23 facts about Jenny Saville

  • Jenny Saville was born in 1970 in Cambridge, England, She attended the Glasgow School of Art from 1988 to 1992, Saville also spent a term at the University of Cincinnati in 1991.
  • Jenny Saville went t the Lilley and Stone School ( now The Newark Academy) in Newark, Nottinghamshire, for her secondary education, later gaining her Bachelor of Fine Arts degree at Glasgow School of Art. During her six month scholarship to the University of Cincinnati she enrolled in a course in women’s studies where Saville was exposed to gender political ideas and renowned feminist writers.
  • Saville’s studies focused more on her interest in imperfections of the human flesh, with all of its implications and taboos. Saville had been captivated by details of the human body since she was a child; she has spoken of seeing the work of Titian and Tintoretto on trips with her uncle.

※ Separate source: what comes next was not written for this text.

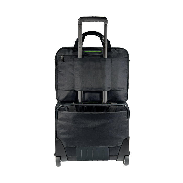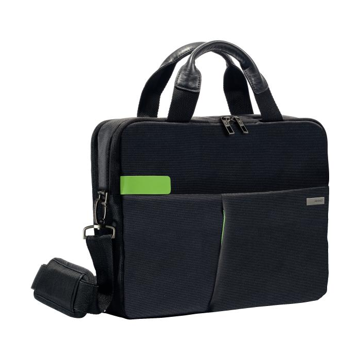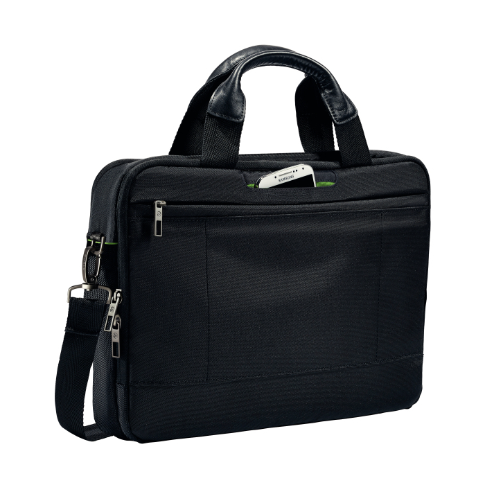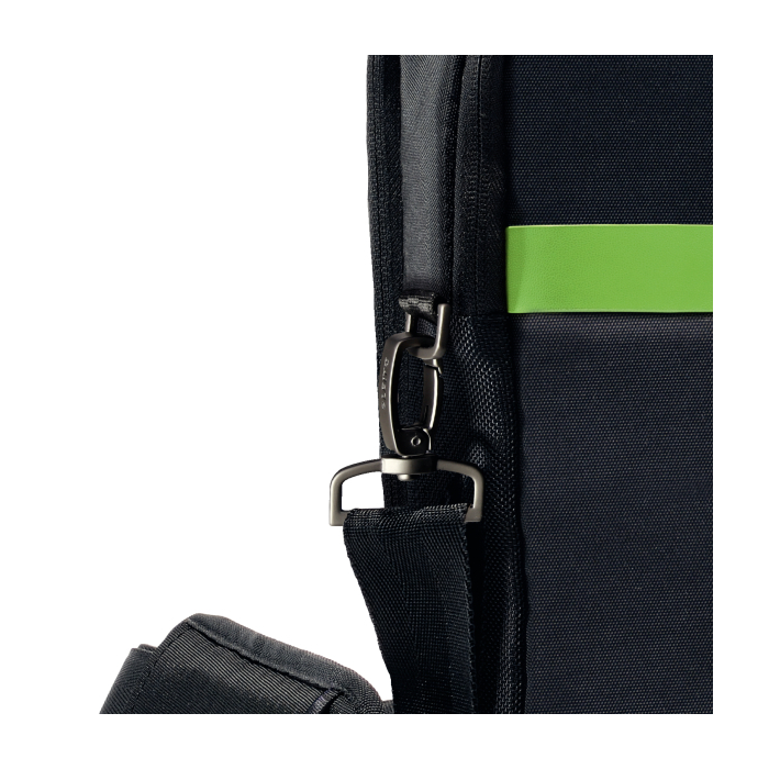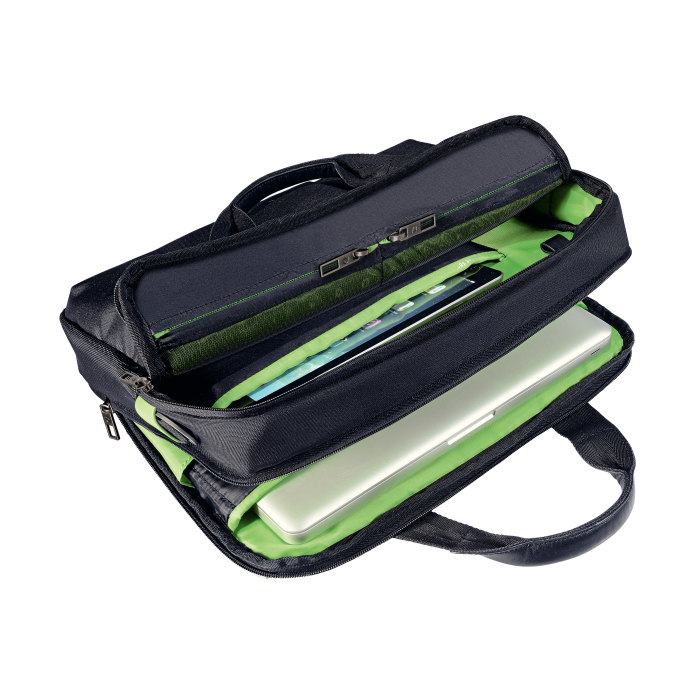 Kvalitná, ľahká a kompaktná taška s dvoma hlavnými a jednou menšou prednou kapsou. Výrazný a elegantný dizajn dopĺňajú kvalitné zipsy a štýlové matne kovové pracky. Čierny povrch s kontrastným zeleným vnútrajškom, aby sa predmety ľahšie hľadali. Taška ponúka miesto na všetky vaše mobilné zariadenia, 13,3` notebook a dokumenty do formátu A4. Je možné pohodlne nosiť vďaka vystlaným rukovätiam z pravej kože alebo nastaviteľnému ramennému popruhu, prípadne upevniť na držadlo pojazdného kufra. Farba čierna/zelená.

  • Jenny Saville is a contemporary British painter. She is known for large scale painted depictions of nude women.
  • While on a fellowship in Connecticut in 1994, Saville was able to observe a New York City plastic surgeon at work. Studying the reconstruction of human flesh was formative in her perception of the body, her time with the surgeon fueled her examination into the infinite ways that flesh is transformed and disfigured. Saville explored medical pathologies; viewed cadavers in the morgue; examined animals and meat; studied Classical and Renaissance sculpture; and observed couples in public, mothers with their children, individuals whose bodies challenge gender dichotomies, and more.
  • At the end of Saville’s undergraduate education, the leading British art collector, Charles Saatchi, saw her work at Clare Henry’s Critics Choice exhibition at the Cooling Gallery in Cork St. . He offered the artist an 18 month contract, supporting her while she created new works to be exhibited in the Saatchi Gallery in London.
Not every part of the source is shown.